Sauces and Seasonings
One of the biggest challenges when eating low carb at Buffalo Wild Wings is navigating the sauces and seasonings. While some sauces are high in carbs, others are low carb and keto-friendly. To make sure you’re choosing the right sauce, check out the nutrition information on the Buffalo Wild Wings website or ask your server for assistance.
Some of the low carb sauces include:
- Mild
- Medium
- Hot
- Wild
- Blazin’
- Lemon Pepper
- Garlic Parmesan
- Salt & Vinegar
- Buffalo Seasoning
- Desert Heat Seasoning
- Chipotle BBQ Seasoning
Avoid the high carb sauces like Honey BBQ, Asian Zing, and Teriyaki.
Non-Wing Low Carb Alternatives
If you’re not in the mood for wings, there are still plenty of low carb options on the menu. Try one of these non-wing alternatives:
- Naked Tenders: These tenders are breaded, but the breading is made from almond flour and pork rinds, making them low carb.
- Traditional Wings: Stick to the bone-in wings, which are breaded with a mixture of almond flour and spices.
- Grilled Chicken Salad: This salad is a great low carb option and can be customized to your liking. Just make sure to skip the croutons and high carb dressings.
- Burgers: Order a burger without the bun and add low carb toppings like bacon, cheese, and avocado.
By following these tips and tricks, you can easily navigate the menu at Buffalo Wild Wings and find delicious low carb options that fit your dietary needs.
Customizing Your Meal for Low Carb Needs
Ordering Tips
When ordering at Buffalo Wild Wings, there are a few things you can do to make your meal low carb. First, stick to the traditional wings, which have 0g net carbs per serving. Avoid the boneless wings, which are breaded and contain 20g of carbs per serving. You can also order naked tenders, which have 0g net carbs per serving.

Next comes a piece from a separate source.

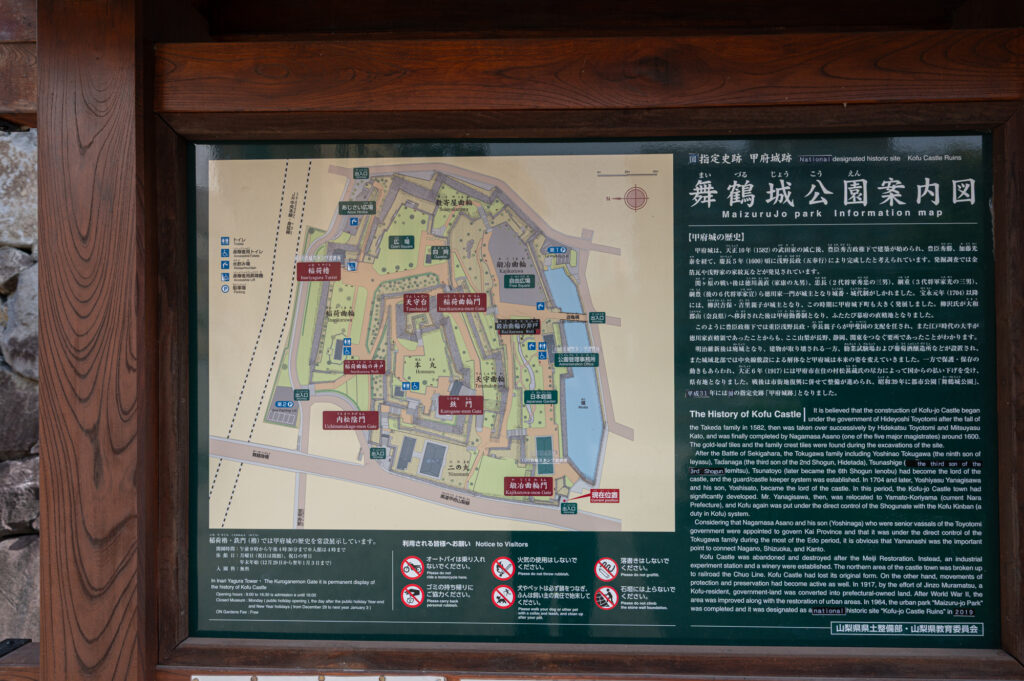 甲府駅からすぐというアクセスしやすい立地も魅力の一つ。散策路が整備され、訪れる人々が心地よく過ごせるよう工夫されています。お城の歴史に触れながら、のんびりと過ごす時間もまた、舞鶴城公園の大きな魅力です。
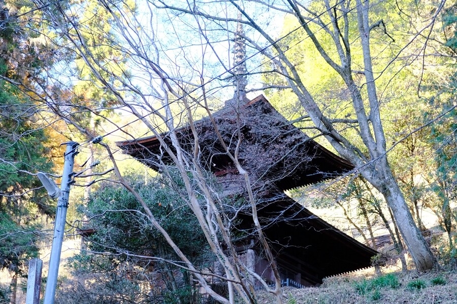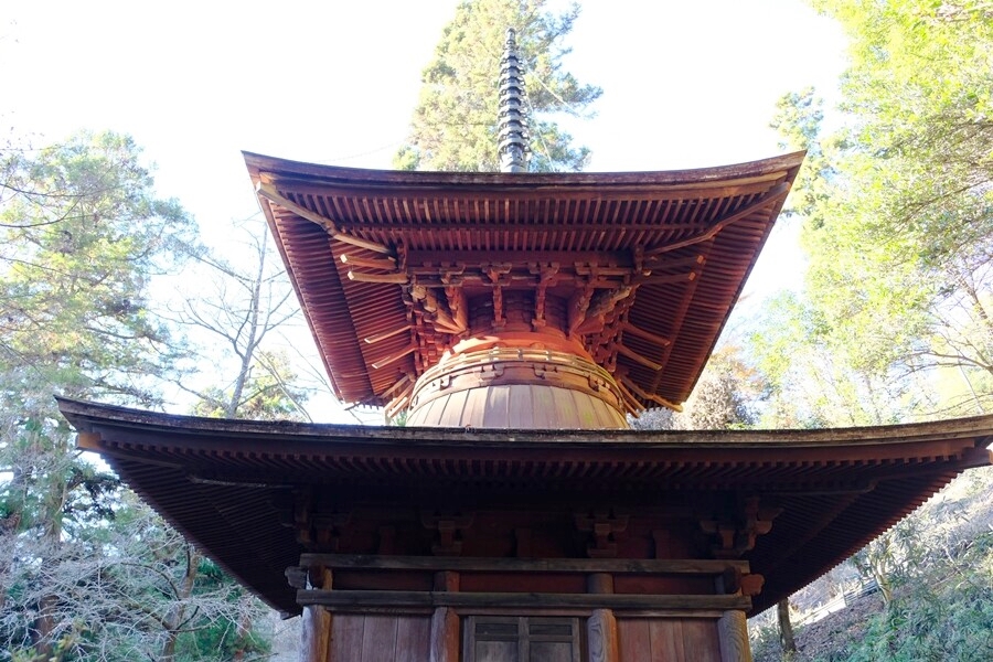 駐車場の隣に多宝塔が見える。

Next, choose your sauce carefully. The mild, medium, and hot sauces are all low carb, but some of the dry seasonings contain 1g of carbs per serving. Stick to flavors like buffalo, chipotle BBQ, desert heat, lemon pepper, and salt and vinegar. When it comes to dipping sauce, choose bleu cheese or ranch dressing, which contain 2g carbs each per dressing.
Finally, skip the croutons and any other high-carb toppings when ordering salads. Stick to green salads with grilled chicken or shrimp, and choose a low-carb dressing like ranch or Caesar.
Drink Selections
When it comes to drinks, water is always a great choice. You can also order unsweetened iced tea or diet soda. If you’re looking for something a little more exciting, try a low-carb cocktail like a vodka soda or a gin and tonic with diet tonic water.
It’s important to keep in mind that alcohol can slow down your weight loss progress on a low-carb diet, so drink in moderation. Stick to one or two drinks and avoid sugary mixers like juice or soda.
In summary, customizing your meal at Buffalo Wild Wings for low carb needs is easy with a few simple tips. Stick to traditional wings or naked tenders, choose low-carb sauces and dressings, skip high-carb toppings, and opt for water or low-carb drinks.